Influence of Ni ion site occupancy on laser induced third harmonic generation (THG) studies in Li2SO4-MgO-P2O5 amorphous system

Glasses of the composition Li2SO4-MgO-P2O5 mixed with varied contents (0.2-1.0 mol%) of nickel oxide were synthesized. Various spectroscopic investigations have indicated gradual growing proportions of O-h Ni2+ ions in the host glass. IR spectral results, in particular, have clearly demonstrated an increased degree of structural disorder of the glass nerwork with increased content of NiO. The intensity of third harmonic generation (THG) component of probing beam viz., Nd:YAG laser (lambda = 1064 nm and power density J = 0-200 J/m(2)) induced due to the interaction of inherent dipoles with the incident laser beam, exhibited an increasing trend with increase of nickel oxide concentration up to 0.8 mol%. Analysis of the results of these studies indicated that Li2SO4-MgO-P2O5 glass samples doped with optimal content of NiO (similar to 0.8 mol%) are more favorable for achieving intense THG beam with low phonon losses.
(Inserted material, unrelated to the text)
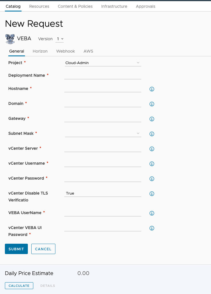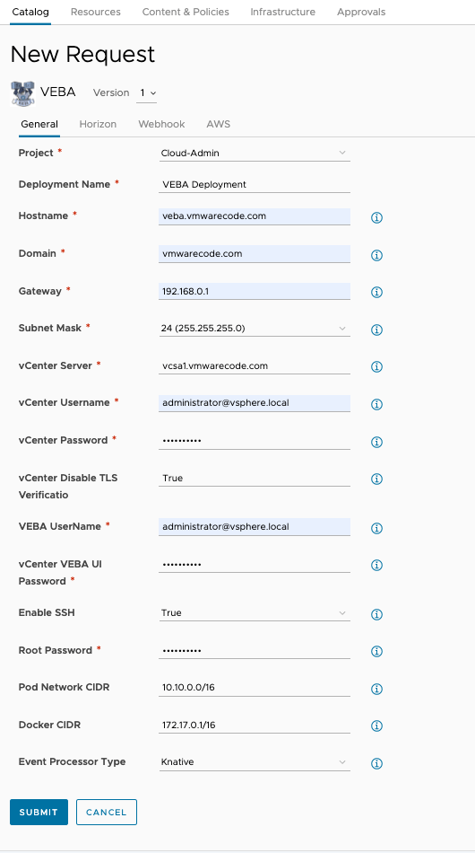 As a new User to VEBA , First step was to install and Instead of going to deploy into multiple places , I decided to create a VRA Cloud Catalog Item which can use used in future with couple of clicks.

Hence, such glasses may be considered as useful for optoelectronic devices. On the other hand, the samples doped with NiO content greater than 0.8 mol%, the Ni2+ ions seemed to prefer (revealed by optical absorption and IR spectroscopy studies) tetrahedral occupancy in the glass matrix and enhance the degree of the polymerization of the glass matrix; such increased order of polymerization of the glass matrix appears to be a hindrance for accomplishing higher intensity of THG signal due to large phonon losses. These results were found to be in concurrence with the inferences from other studies that include electrical properties, positron annihilation lifetime (PAL) spectroscopy and mechanical properties.

Automated summary

The addition of different contents of NiO to Li2SO4-MgO-P2O5 glass resulted in an increase in the proportion of O-h Ni2+ ions and a stronger THG beam intensity up to 0.8 mol% NiO. Glass samples doped with approximately 0.8 mol% NiO were found to be more favorable for optoelectronic devices due to their low phonon losses. However, a higher content of NiO led to an increase in polymerization and hindered achieving a higher THG signal intensity.